*** Opening of LISTED RECORDS ***

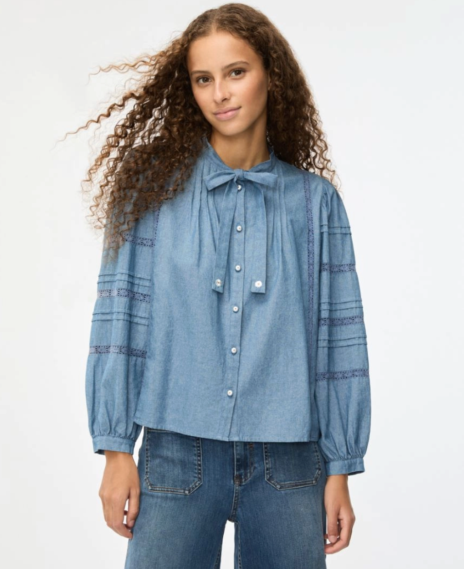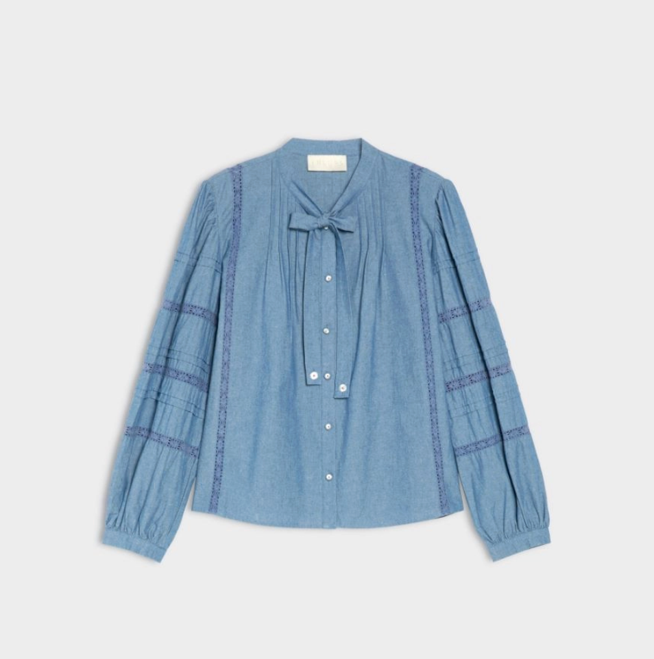 Regular price €150.00 Save 0%i Blues Denim Blue Cotton Lace Balloon Sleeve Shirt With Lace Trim Detail.
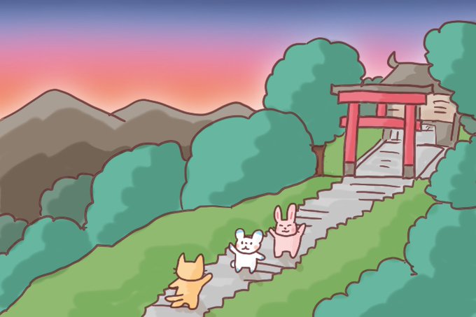 27 388 夕暮れの神社。 朝晩少し涼しくなって嬉しい😊 #イラスト #ゆるい絵 #ゆるいイラスト 22/08/25 12:00
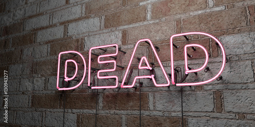 DEAD - Glowing Neon Sign on stonework wall - 3D rendered royalty free stock illustration. Can be used for online banner ads and direct mailers..
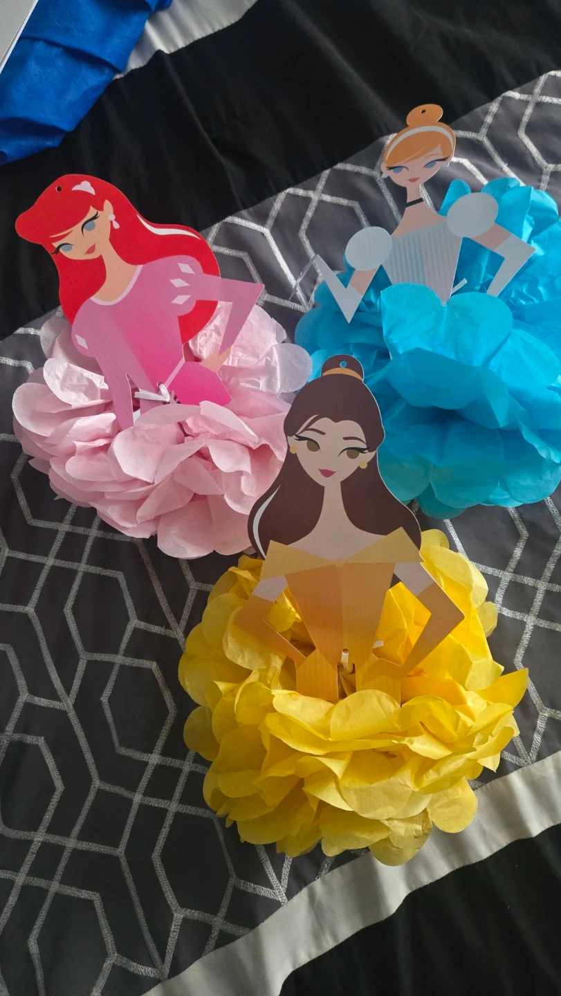 Selling a set of Disney Princess paper flower decorations! You get Ariel, Cinderella, and Belle. Perfect for a party or decorating a kid's room
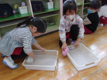 ひよこ組さんは、自分の使ったかごや靴箱、ロッカーなどを丁寧に拭いていました。
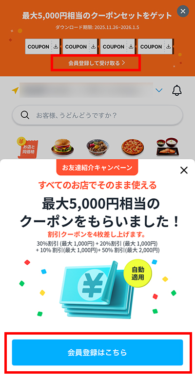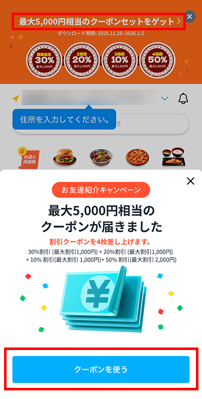 「最大5,000円相当のクーポンセットをゲット」または「クーポンを使う」ボタンを押すと、取得した友達紹介クーポンを確認できます。
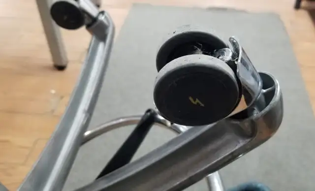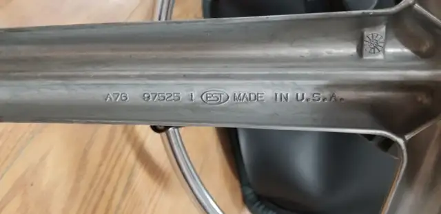Cast aluminum 5 spider legs with plastic wheels, and cast print underneath: A76 97525 1 EST Made in USA.
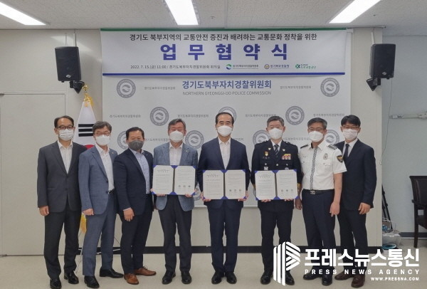 [프레스뉴스] 김대일 기자= 경기도북부자치경찰위원회와 경기북부경찰청, 도로교통공단은 15일 위원회에서 경기도 북부지역의 ‘안전한 교통환경 조성 및 배려하는 교통문화 정착’을 위한 업무협약을 맺고 상호 간 협력을 강화하고자 손을 맞잡았다.
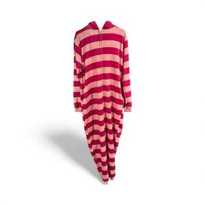 Cheshire Cat Hooded Fleece Costume Pajamas W/ Pockets Pink & Fuchsia Stripes Siz
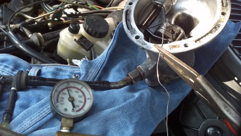 ![]() The wire clamped to the pump is a gauge to indicate if the cam follower moved or not. 22" Hg was insufficient to move it.
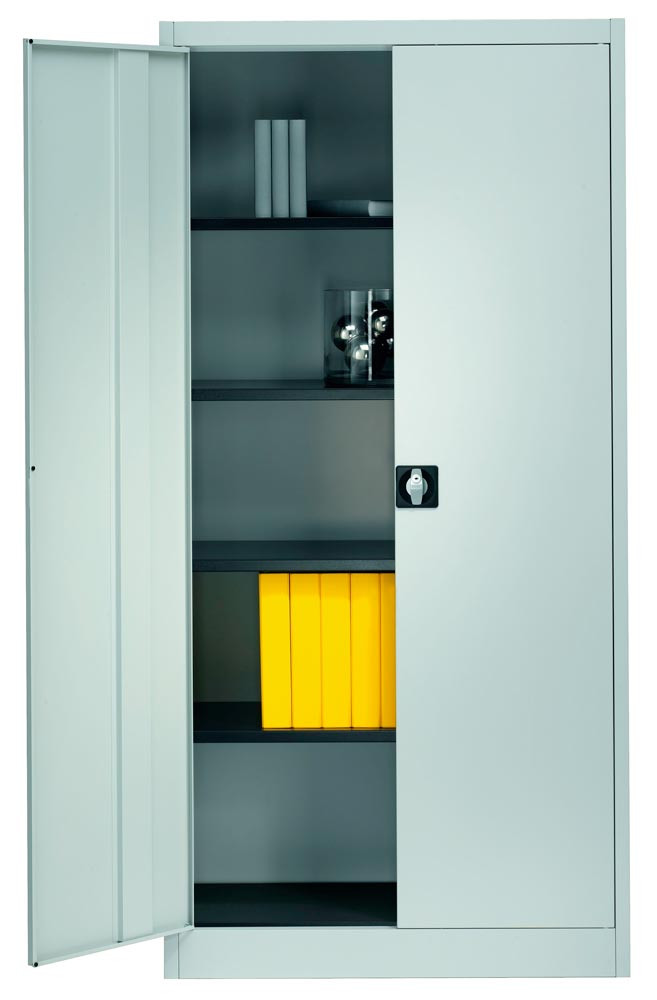 Flügeltürenschrank, BxTxH 950x420x1950 mm, 4 lack. Böden, 65 kg Traglast/Boden, RAL 7035 lichtgrau EP525355

*** Close of LISTED RECORDS ***

WHAT THE EXERCISE ASKS -
The task calls for every record to be transcribed exactly, with no images included.

SOLUTION TO THE EXERCISE -
 Regular price €150.00 Save 0%i Blues Denim Blue Cotton Lace Balloon Sleeve Shirt With Lace Trim Detail.
 27 388 夕暮れの神社。 朝晩少し涼しくなって嬉しい😊 #イラスト #ゆるい絵 #ゆるいイラスト 22/08/25 12:00
 DEAD - Glowing Neon Sign on stonework wall - 3D rendered royalty free stock illustration. Can be used for online banner ads and direct mailers..
 Selling a set of Disney Princess paper flower decorations! You get Ariel, Cinderella, and Belle. Perfect for a party or decorating a kid's room
 ひよこ組さんは、自分の使ったかごや靴箱、ロッカーなどを丁寧に拭いていました。
 「最大5,000円相当のクーポンセットをゲット」または「クーポンを使う」ボタンを押すと、取得した友達紹介クーポンを確認できます。
Cast aluminum 5 spider legs with plastic wheels, and cast print underneath: A76 97525 1 EST Made in USA.
 [프레스뉴스] 김대일 기자= 경기도북부자치경찰위원회와 경기북부경찰청, 도로교통공단은 15일 위원회에서 경기도 북부지역의 ‘안전한 교통환경 조성 및 배려하는 교통문화 정착’을 위한 업무협약을 맺고 상호 간 협력을 강화하고자 손을 맞잡았다.
 Cheshire Cat Hooded Fleece Costume Pajamas W/ Pockets Pink & Fuchsia Stripes Siz
 ![]() The wire clamped to the pump is a gauge to indicate if the cam follower moved or not. 22" Hg was insufficient to move it.
 Flügeltürenschrank, BxTxH 950x420x1950 mm, 4 lack. Böden, 65 kg Traglast/Boden, RAL 7035 lichtgrau EP525355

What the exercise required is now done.